▶ [Exercise prompt]:
Each line in the material below, starting at the one with "2021上册六年级数学苏教版 一 长方体和正方体——第9课时" and ending at the one with "走访过程中,校友们纷纷表达了", is to be reproduced exactly; no picture is to be copied.

▶ [Supplied records]:
══════
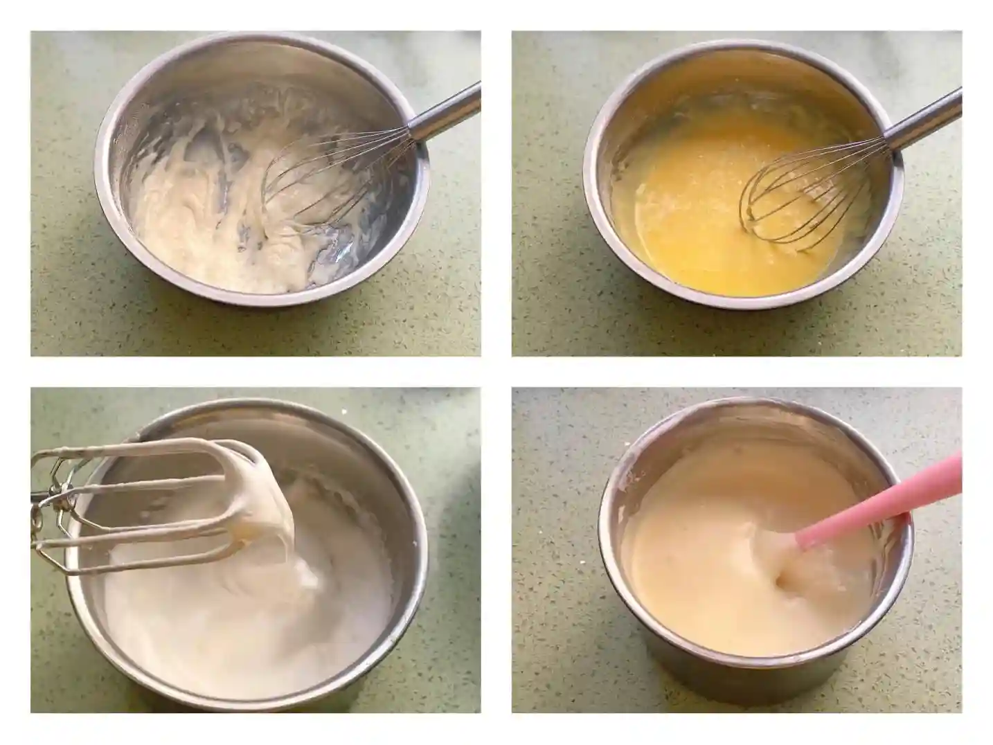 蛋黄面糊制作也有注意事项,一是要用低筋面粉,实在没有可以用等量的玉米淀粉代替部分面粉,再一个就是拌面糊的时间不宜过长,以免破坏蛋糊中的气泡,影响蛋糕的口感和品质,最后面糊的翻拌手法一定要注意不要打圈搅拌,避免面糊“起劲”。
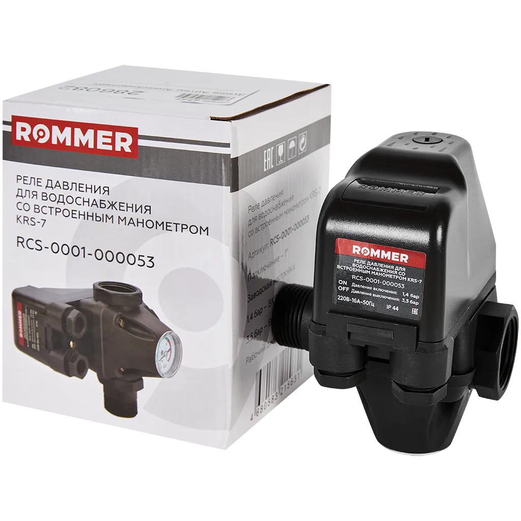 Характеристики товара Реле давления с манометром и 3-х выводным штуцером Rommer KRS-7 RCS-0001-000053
══════
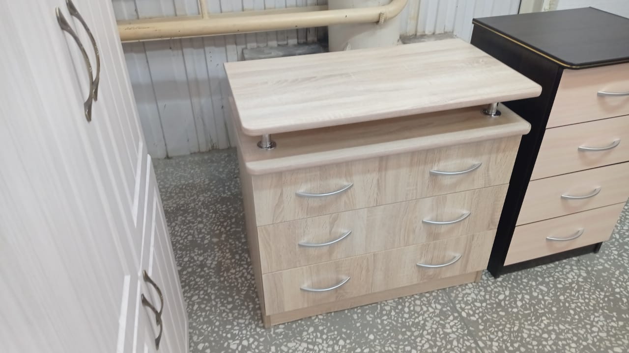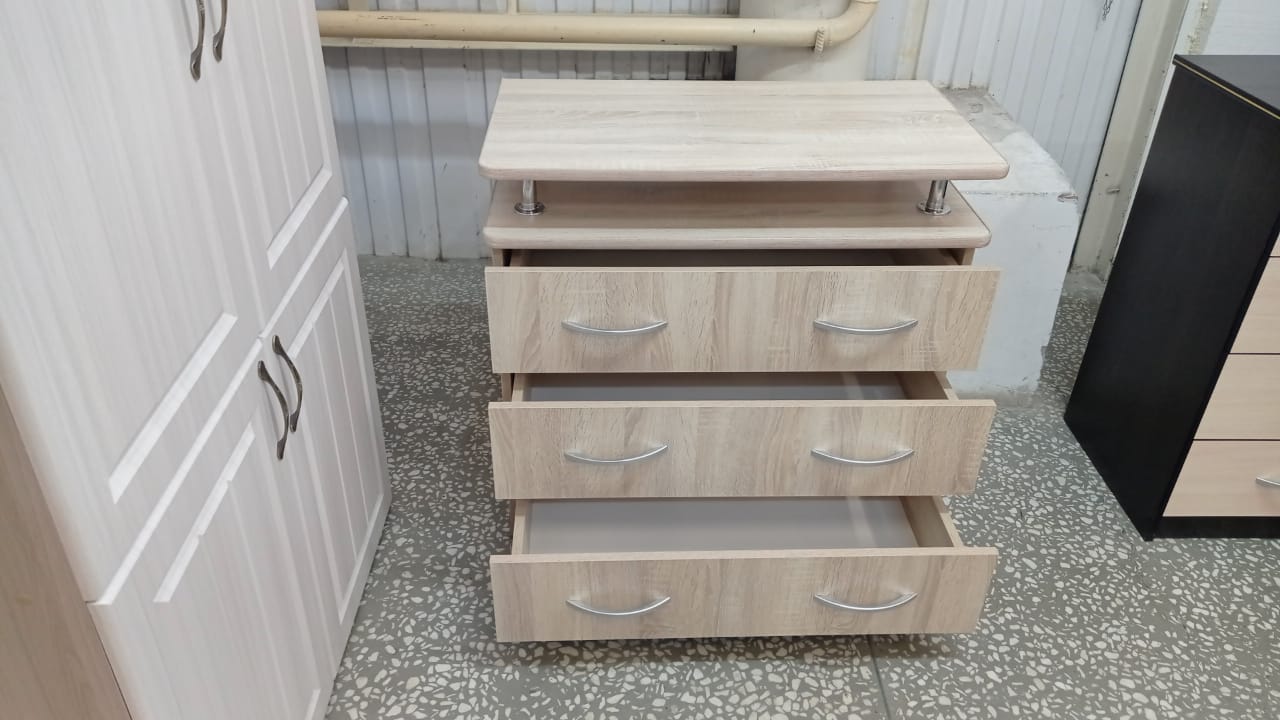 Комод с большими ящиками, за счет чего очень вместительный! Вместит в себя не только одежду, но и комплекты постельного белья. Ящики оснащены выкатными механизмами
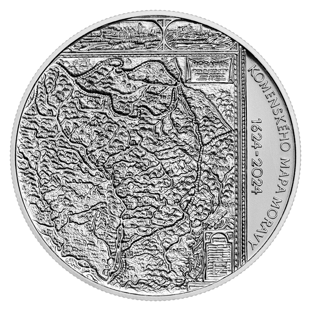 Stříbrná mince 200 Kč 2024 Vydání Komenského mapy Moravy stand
══════
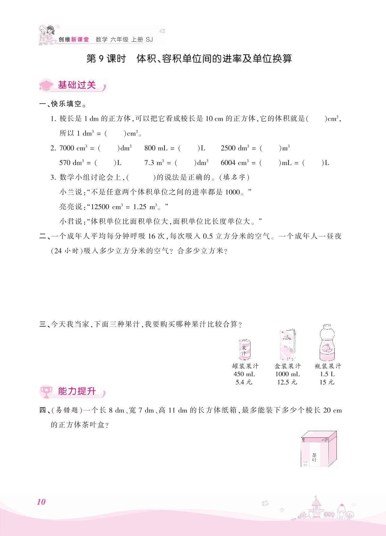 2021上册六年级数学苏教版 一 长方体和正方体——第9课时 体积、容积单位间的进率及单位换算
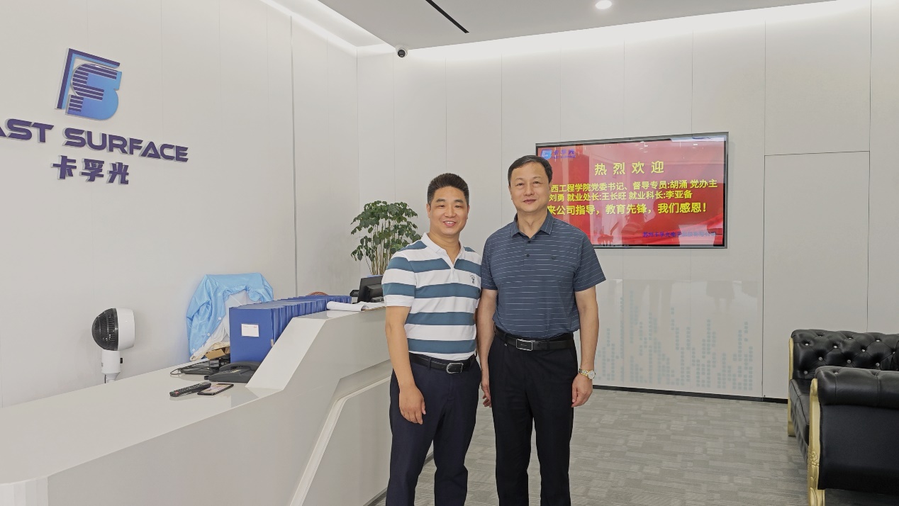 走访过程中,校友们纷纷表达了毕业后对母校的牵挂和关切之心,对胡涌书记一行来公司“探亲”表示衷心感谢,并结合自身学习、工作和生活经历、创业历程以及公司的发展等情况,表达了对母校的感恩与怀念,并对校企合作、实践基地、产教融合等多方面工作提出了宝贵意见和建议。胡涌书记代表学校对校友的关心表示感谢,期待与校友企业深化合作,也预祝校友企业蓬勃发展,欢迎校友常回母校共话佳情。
══════
▶ [Answer section]:
 2021上册六年级数学苏教版 一 长方体和正方体——第9课时 体积、容积单位间的进率及单位换算
 走访过程中,校友们纷纷表达了毕业后对母校的牵挂和关切之心,对胡涌书记一行来公司“探亲”表示衷心感谢,并结合自身学习、工作和生活经历、创业历程以及公司的发展等情况,表达了对母校的感恩与怀念,并对校企合作、实践基地、产教融合等多方面工作提出了宝贵意见和建议。胡涌书记代表学校对校友的关心表示感谢,期待与校友企业深化合作,也预祝校友企业蓬勃发展,欢迎校友常回母校共话佳情。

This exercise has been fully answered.